=== Exercise ===
Every line below must be reproduced exactly; no pictures are to be included.

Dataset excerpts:
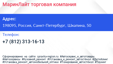 МаринЛайт, торговая компания по адресу 198095, Россия, Санкт-Петербург, Шкапина, 50 в дальнейшем Организация, размещена в следующих категориях:
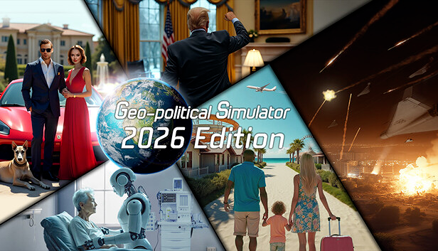 As a simulation, Geo-Political Simulator 2026 Edition lets players assume roles ranging from head of state to opposition leader or corporate CEO, managing political, economic, military, social, and environmental systems across a detailed global dataset. This edition highlights new mechanics such as a tourism simulation, party strategies with regime censure mechanics, personal wealth management for leaders, a European defense/army feature, and simulations of AI and robotics impacts on employment and policy. Scenarios can be started in either 2025 or 2026, offering different contemporary starting contexts within the same release.
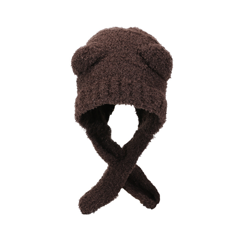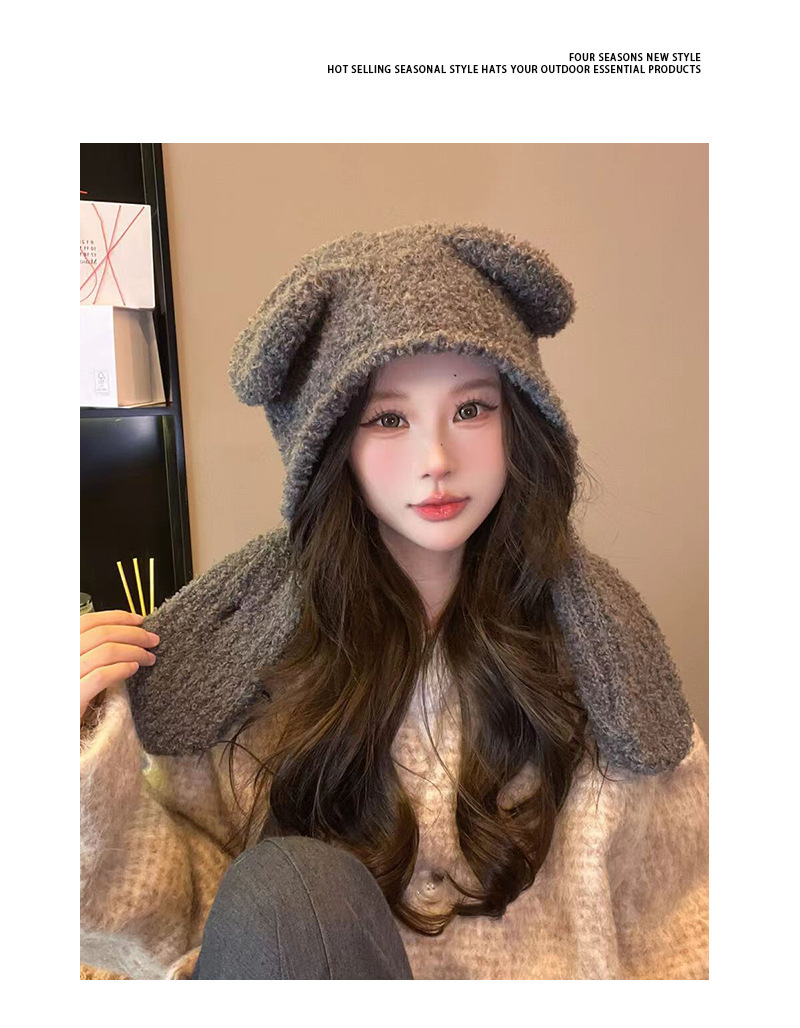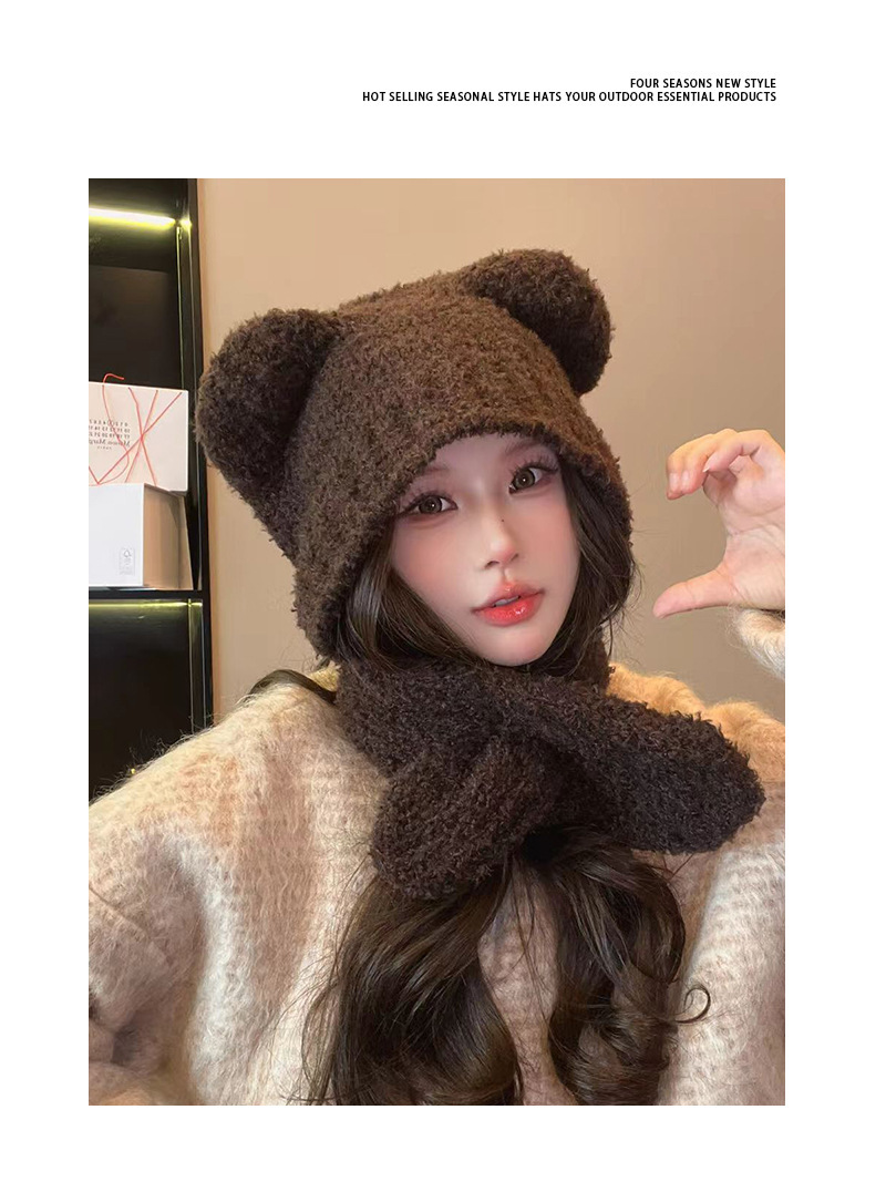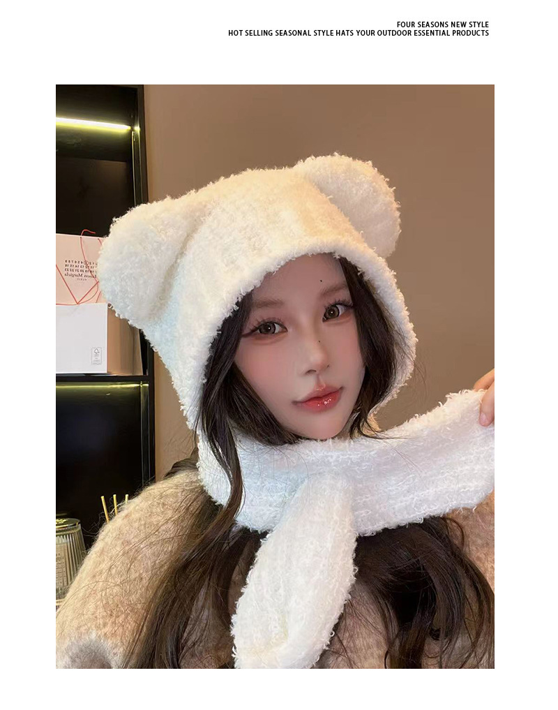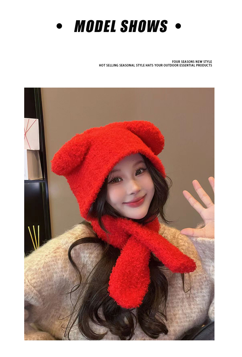24年升级版百搭小熊保暖帽子围脖一体女加厚护耳帽秋冬针织雷锋帽
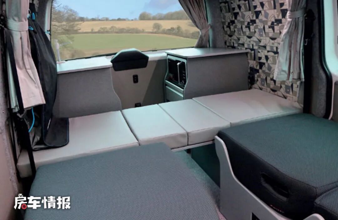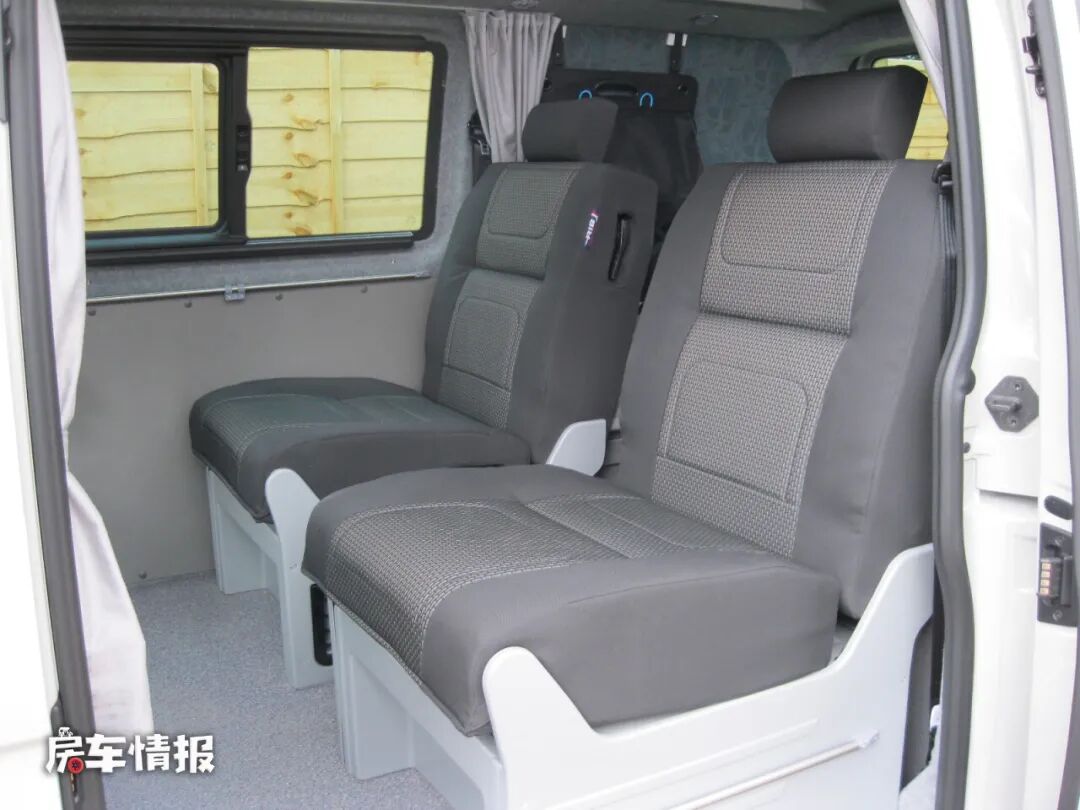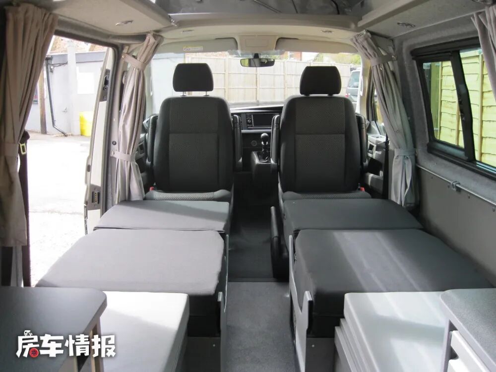 当晚上需要休息的时候,可以将前排乘客座椅放倒,主副驾驶座椅向后旋转,这样就形成了两张简易的单人沙发床,每张床的尺寸可以达到1860*600mm,各能容纳一个成年人使用。
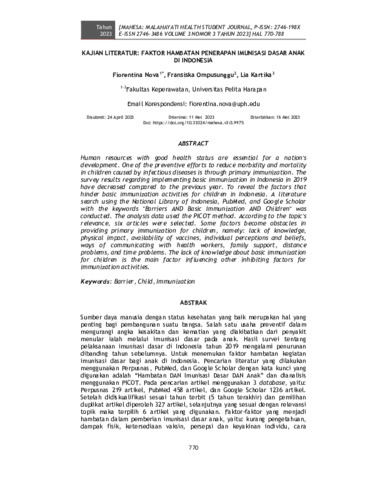Fiorentina, Nova and Fransiska, Ompusunggu and Lia, Kartika (2023) Kajian literatur: Faktor hambatan penerapan imunisasi dasar anak di Indonesia. MAHESA : Malahayati Health Student Journal, 3 (3): 18. pp. 770-788. ISSN 2746-198X
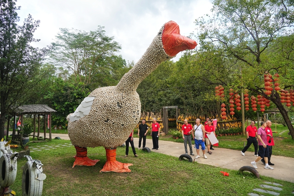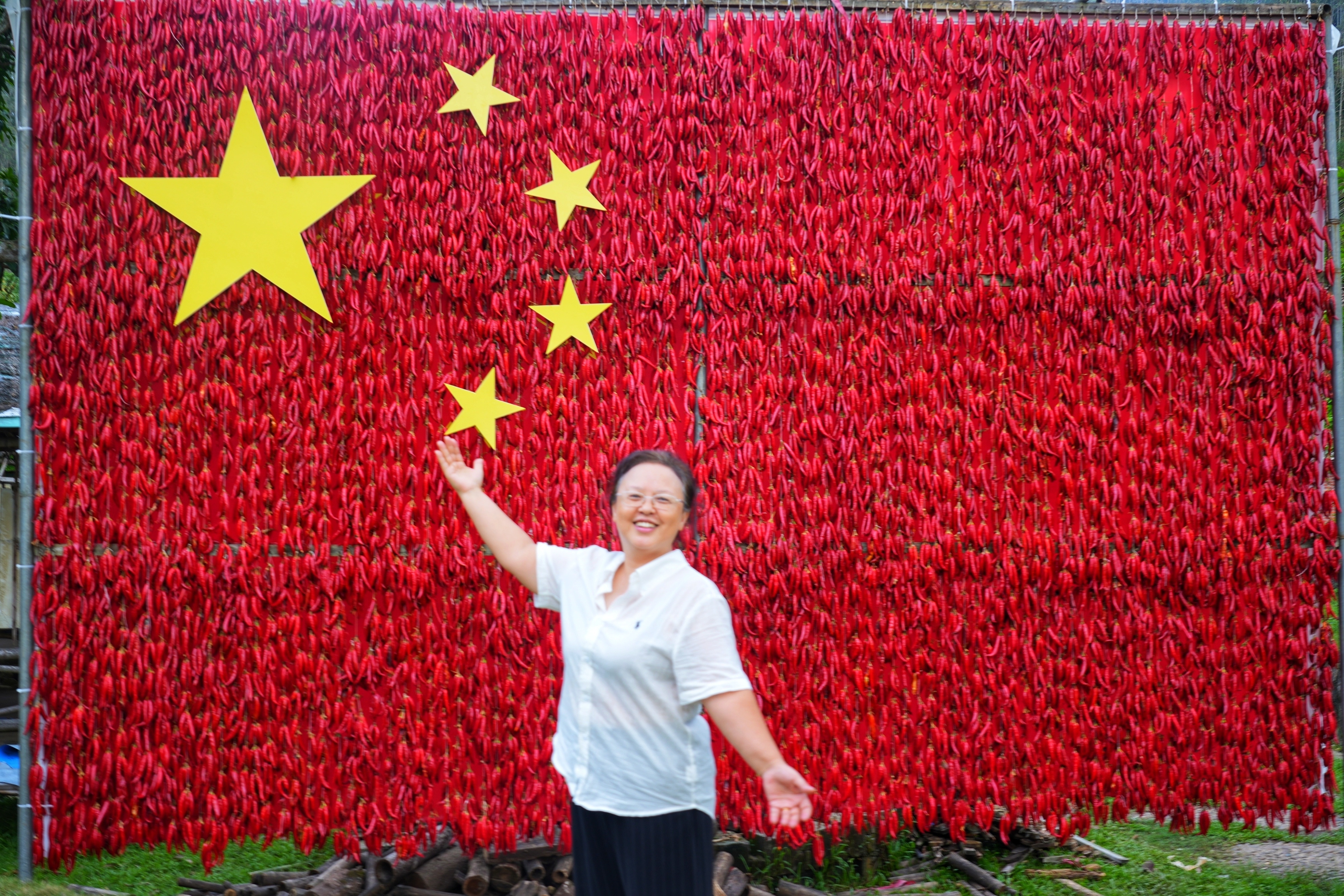 而在“山里头农场”,一场别开生面的丰收艺术季正在上演。一颗颗大蒜垒成憨态可掬的大白鹅,仿佛从田园童话中踱步而出;一串串火红的辣椒“绣”成巨幅国旗,映照出人们心中那一抹炽热的“中国红”;金黄的玉米墙、橙红的南瓜阵……丰收的农作物在这里“变身”艺术装置,以最质朴的方式,在山谷间铺展出一幅浓烈而温暖的秋收画卷。

=== Task result ===
 МаринЛайт, торговая компания по адресу 198095, Россия, Санкт-Петербург, Шкапина, 50 в дальнейшем Организация, размещена в следующих категориях:
 As a simulation, Geo-Political Simulator 2026 Edition lets players assume roles ranging from head of state to opposition leader or corporate CEO, managing political, economic, military, social, and environmental systems across a detailed global dataset. This edition highlights new mechanics such as a tourism simulation, party strategies with regime censure mechanics, personal wealth management for leaders, a European defense/army feature, and simulations of AI and robotics impacts on employment and policy. Scenarios can be started in either 2025 or 2026, offering different contemporary starting contexts within the same release.
24年升级版百搭小熊保暖帽子围脖一体女加厚护耳帽秋冬针织雷锋帽
 当晚上需要休息的时候,可以将前排乘客座椅放倒,主副驾驶座椅向后旋转,这样就形成了两张简易的单人沙发床,每张床的尺寸可以达到1860*600mm,各能容纳一个成年人使用。
Fiorentina, Nova and Fransiska, Ompusunggu and Lia, Kartika (2023) Kajian literatur: Faktor hambatan penerapan imunisasi dasar anak di Indonesia. MAHESA : Malahayati Health Student Journal, 3 (3): 18. pp. 770-788. ISSN 2746-198X
 而在“山里头农场”,一场别开生面的丰收艺术季正在上演。一颗颗大蒜垒成憨态可掬的大白鹅,仿佛从田园童话中踱步而出;一串串火红的辣椒“绣”成巨幅国旗,映照出人们心中那一抹炽热的“中国红”;金黄的玉米墙、橙红的南瓜阵……丰收的农作物在这里“变身”艺术装置,以最质朴的方式,在山谷间铺展出一幅浓烈而温暖的秋收画卷。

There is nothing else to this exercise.